• Data records:
--- START ---

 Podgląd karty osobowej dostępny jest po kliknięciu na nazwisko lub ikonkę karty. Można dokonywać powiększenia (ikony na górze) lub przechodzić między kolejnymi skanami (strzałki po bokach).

--- END ---
--- START ---

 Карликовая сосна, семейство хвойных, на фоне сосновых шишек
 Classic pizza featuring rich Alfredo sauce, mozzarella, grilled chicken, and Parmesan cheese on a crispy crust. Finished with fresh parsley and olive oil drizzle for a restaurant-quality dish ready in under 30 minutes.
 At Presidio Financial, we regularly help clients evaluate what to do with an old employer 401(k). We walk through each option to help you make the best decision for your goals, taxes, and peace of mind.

--- END ---
--- START ---

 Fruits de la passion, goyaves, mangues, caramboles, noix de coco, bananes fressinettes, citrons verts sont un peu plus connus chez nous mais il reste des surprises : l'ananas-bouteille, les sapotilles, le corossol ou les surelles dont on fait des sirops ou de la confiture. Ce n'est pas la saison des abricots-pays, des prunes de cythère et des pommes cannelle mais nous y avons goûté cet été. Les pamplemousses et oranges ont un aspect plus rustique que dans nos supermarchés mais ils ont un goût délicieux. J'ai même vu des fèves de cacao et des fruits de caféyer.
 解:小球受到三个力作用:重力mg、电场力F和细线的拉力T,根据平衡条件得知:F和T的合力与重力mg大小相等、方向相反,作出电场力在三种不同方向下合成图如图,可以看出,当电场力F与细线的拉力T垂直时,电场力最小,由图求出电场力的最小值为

--- END ---

• Instructions to follow:
Copy out the lines above exactly, beginning at the one that contains "Classic pizza featuring" and ending at the one that contains "At Presidio Financial, we".

• Finished task:
 Classic pizza featuring rich Alfredo sauce, mozzarella, grilled chicken, and Parmesan cheese on a crispy crust. Finished with fresh parsley and olive oil drizzle for a restaurant-quality dish ready in under 30 minutes.
 At Presidio Financial, we regularly help clients evaluate what to do with an old employer 401(k). We walk through each option to help you make the best decision for your goals, taxes, and peace of mind.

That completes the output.